La segunda seña de identidad de Jesús es que su predicación es liberadora. Por tanto, un buen cristiano no hace proselitismo ni impone pesos ni sentimientos de culpa a los demás.

FRANCISCO
Cierto, seguir a Jesús implica algún ascetismo y sacrificios. Por otro lado, por cada cosa bonita que pide, ¡cuánto más lo es la realidad decisiva de la vida! Pero el que da testimonio de Jesús muestra la belleza de la meta antes que la fatiga del camino.

Francisco puso un simpático ejemplo. Dijo que, quien hace un viaje, cuenta las cosas bonitas que ha visto. No las horas que duró ni la cola en el aeropuerto.

La tercera seña de identidad del mensaje de Jesús es que trae la luz. Francisco explicó que curiosamente, ningún pasaje de la Biblia antes de Cristo cuenta la curación de un ciego. Dijo que es una señal de la venida del Mesías.

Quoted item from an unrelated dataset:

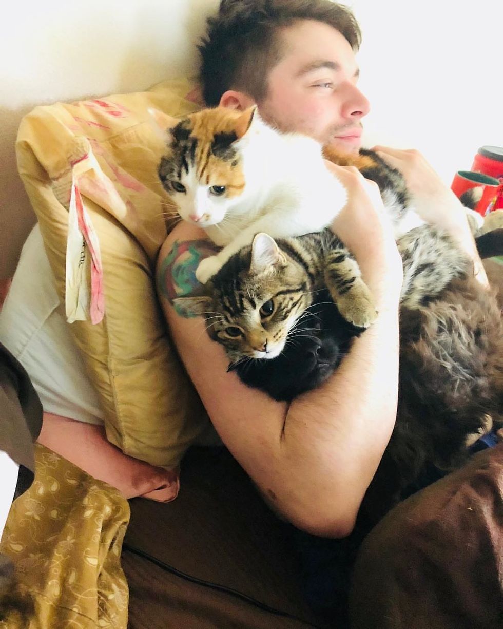 When all of his feline friends demand cuddles at the same time, Jesse gladly obliges by lovingly squeezing them in his arms.

El cuarto rasgo del mensaje de Jesús es que es sanador. Francisco dijo que trae la cura para el pecado, un mal sin ningún remedio humano.

FRANCISCO
La buena noticia es que, con Jesús, este antiguo mal, el pecado, que parece invencible, ya no tiene la última palabra. Puedo pecar porque soy débil. Cualquiera de nosotros puede, pero esa no es la última palabra. La última palabra es la mano tendida de Jesús que te levanta del pecado. “Y padre, ¿esto cuándo lo hace?” ¿Una vez? No. ¿Dos veces? No. ¿Tres? No, siempre.

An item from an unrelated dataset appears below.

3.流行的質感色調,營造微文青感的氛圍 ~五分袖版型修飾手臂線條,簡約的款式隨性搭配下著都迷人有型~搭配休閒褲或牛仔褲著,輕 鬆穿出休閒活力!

El último rasgo del mensaje Jesús, dijo el Papa, es que es sorprendente porque anuncia el perdón de Dios en los momentos menos esperados.

FRANCISCO
Dios lo olvida todo. ¿Y eso cómo? Sí, olvida todos nuestros pecados. Los olvida, para esto no tiene memoria
“Pero padre, yo hago siempre las mismas cosas”... ¡Y Él hará siempre las mismas! ¡Perdonarte, abrazarte! Por favor, no perdamos la confianza en esto.

Francisco concluyó su catequesis añadiendo que este mensaje de Jesús está especialmente dirigido a los pobres e invitó a los peregrinos a no olvidarse nunca de ellos.